__Task description__. Look for the line containing "紳,注音ㄕㄣ,拼音shēn,辭典解釋為:1.古代官員束在" in the listing below. Retype that line and every subsequent line through the last one, and only those.

START Provided material

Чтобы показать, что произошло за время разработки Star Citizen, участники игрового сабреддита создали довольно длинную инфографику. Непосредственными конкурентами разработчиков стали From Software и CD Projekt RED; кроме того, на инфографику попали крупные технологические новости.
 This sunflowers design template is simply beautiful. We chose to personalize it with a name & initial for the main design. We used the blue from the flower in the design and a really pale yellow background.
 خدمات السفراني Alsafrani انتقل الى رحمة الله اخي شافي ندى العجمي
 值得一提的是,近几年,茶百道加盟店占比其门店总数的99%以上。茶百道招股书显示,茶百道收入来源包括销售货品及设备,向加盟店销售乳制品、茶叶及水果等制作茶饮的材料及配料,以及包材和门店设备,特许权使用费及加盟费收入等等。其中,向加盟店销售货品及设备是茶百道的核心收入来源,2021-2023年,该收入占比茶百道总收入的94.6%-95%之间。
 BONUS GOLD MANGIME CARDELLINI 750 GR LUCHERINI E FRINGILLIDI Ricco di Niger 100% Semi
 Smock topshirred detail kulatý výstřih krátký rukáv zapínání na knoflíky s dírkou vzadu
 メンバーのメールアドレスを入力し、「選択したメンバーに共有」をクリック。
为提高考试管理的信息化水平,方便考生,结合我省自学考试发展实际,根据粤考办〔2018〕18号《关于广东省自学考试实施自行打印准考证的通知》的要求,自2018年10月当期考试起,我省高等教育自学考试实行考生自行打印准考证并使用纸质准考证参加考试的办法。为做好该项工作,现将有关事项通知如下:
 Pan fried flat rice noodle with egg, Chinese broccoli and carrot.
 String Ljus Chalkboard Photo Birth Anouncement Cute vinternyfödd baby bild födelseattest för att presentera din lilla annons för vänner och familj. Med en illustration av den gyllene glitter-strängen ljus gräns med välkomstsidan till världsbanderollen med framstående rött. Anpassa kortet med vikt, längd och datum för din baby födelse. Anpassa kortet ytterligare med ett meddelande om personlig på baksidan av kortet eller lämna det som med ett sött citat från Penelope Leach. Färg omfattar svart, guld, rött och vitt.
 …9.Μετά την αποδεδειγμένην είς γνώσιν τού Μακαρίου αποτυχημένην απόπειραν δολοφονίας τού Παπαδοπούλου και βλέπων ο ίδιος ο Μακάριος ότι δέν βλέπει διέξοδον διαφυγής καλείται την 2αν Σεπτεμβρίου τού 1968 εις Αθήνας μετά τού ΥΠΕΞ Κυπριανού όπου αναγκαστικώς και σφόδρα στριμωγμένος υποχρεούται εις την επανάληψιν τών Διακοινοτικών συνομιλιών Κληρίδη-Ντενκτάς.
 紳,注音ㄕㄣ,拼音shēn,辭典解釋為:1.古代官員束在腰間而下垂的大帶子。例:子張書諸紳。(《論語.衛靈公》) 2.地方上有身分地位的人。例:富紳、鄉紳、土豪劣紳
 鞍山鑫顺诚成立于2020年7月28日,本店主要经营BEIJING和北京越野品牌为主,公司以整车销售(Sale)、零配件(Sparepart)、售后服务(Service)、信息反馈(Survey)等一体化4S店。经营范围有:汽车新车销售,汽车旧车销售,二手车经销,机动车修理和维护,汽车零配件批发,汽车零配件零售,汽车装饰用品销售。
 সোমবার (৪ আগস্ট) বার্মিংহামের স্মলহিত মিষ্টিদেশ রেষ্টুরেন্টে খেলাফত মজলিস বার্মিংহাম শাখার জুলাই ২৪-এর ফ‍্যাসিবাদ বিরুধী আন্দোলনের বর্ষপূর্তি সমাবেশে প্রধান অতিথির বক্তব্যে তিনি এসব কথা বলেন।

END Provided material

__Reply to the exercise__.
 紳,注音ㄕㄣ,拼音shēn,辭典解釋為:1.古代官員束在腰間而下垂的大帶子。例:子張書諸紳。(《論語.衛靈公》) 2.地方上有身分地位的人。例:富紳、鄉紳、土豪劣紳
 鞍山鑫顺诚成立于2020年7月28日,本店主要经营BEIJING和北京越野品牌为主,公司以整车销售(Sale)、零配件(Sparepart)、售后服务(Service)、信息反馈(Survey)等一体化4S店。经营范围有:汽车新车销售,汽车旧车销售,二手车经销,机动车修理和维护,汽车零配件批发,汽车零配件零售,汽车装饰用品销售。
 সোমবার (৪ আগস্ট) বার্মিংহামের স্মলহিত মিষ্টিদেশ রেষ্টুরেন্টে খেলাফত মজলিস বার্মিংহাম শাখার জুলাই ২৪-এর ফ‍্যাসিবাদ বিরুধী আন্দোলনের বর্ষপূর্তি সমাবেশে প্রধান অতিথির বক্তব্যে তিনি এসব কথা বলেন।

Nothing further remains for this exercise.